### Given information
((
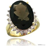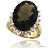 14k Yellow Gold Diamond Halo Smoky Topaz Ring 10 ct Large Oval Stone 18x13 mm, 7/8 in wide
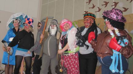 ![]() Koulussa näkyi kummiaPäivänä muutamana hiipparoi koulun käytävillä erikoisen näköisiä tyyppejä. Mitähän tämä oikein oli? Kerrankin oppilaat saivat itse päättää, minkä näköistä opettajaa he haluaisivat päivän mittaan katsella. Ja meitähän oli sitten moneksi. Opettajan pukeminen oli samalla myös kilpailu. Päivän päätteeksi arvoisa raati palkitsi luokan, joka oli parhaiten pukenut opettajansa. Eivätkä muutkaan jääneet nuolemaan näppejään. Vaan kuvat puhukoot puolestaan! |
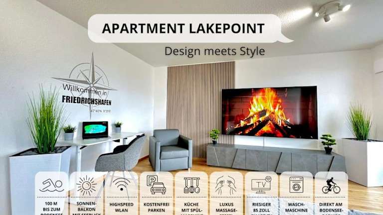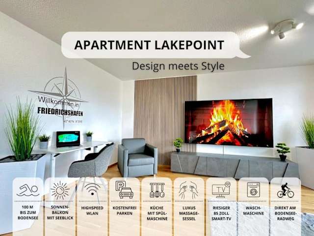 Auszeit Apartment LAKEPOINT bietet einen Gartenblick sowie Übernachtungsmöglichkeiten mit einer Gemeinschaftslounge und einem Balkon. Die Unterkunft verfügt über eine Terrasse und punktet mit Seeblick. Ein kostenloser Privatparkplatz ist ebenfalls vorhanden.
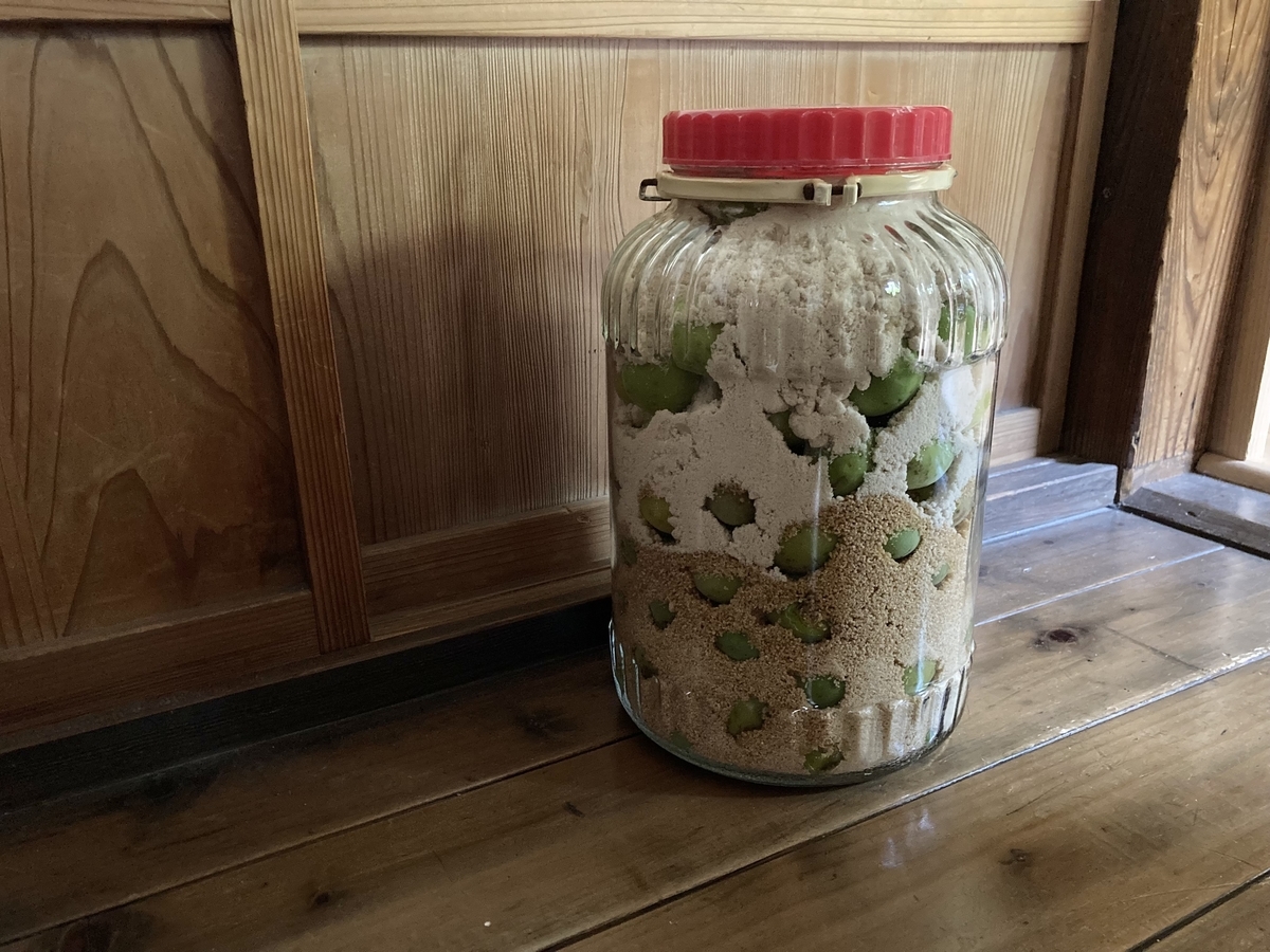 前回は大粒の梅が2.5kgで瓶がいっぱいになりましたが、今年は小梅も混ざっているので3kg入りました。
))
### What this task involves
Down to the last line, print the material exactly, but not its pictures.

### Answer area
 14k Yellow Gold Diamond Halo Smoky Topaz Ring 10 ct Large Oval Stone 18x13 mm, 7/8 in wide
 ![]() Koulussa näkyi kummiaPäivänä muutamana hiipparoi koulun käytävillä erikoisen näköisiä tyyppejä. Mitähän tämä oikein oli? Kerrankin oppilaat saivat itse päättää, minkä näköistä opettajaa he haluaisivat päivän mittaan katsella. Ja meitähän oli sitten moneksi. Opettajan pukeminen oli samalla myös kilpailu. Päivän päätteeksi arvoisa raati palkitsi luokan, joka oli parhaiten pukenut opettajansa. Eivätkä muutkaan jääneet nuolemaan näppejään. Vaan kuvat puhukoot puolestaan! |
 Auszeit Apartment LAKEPOINT bietet einen Gartenblick sowie Übernachtungsmöglichkeiten mit einer Gemeinschaftslounge und einem Balkon. Die Unterkunft verfügt über eine Terrasse und punktet mit Seeblick. Ein kostenloser Privatparkplatz ist ebenfalls vorhanden.
 前回は大粒の梅が2.5kgで瓶がいっぱいになりましたが、今年は小梅も混ざっているので3kg入りました。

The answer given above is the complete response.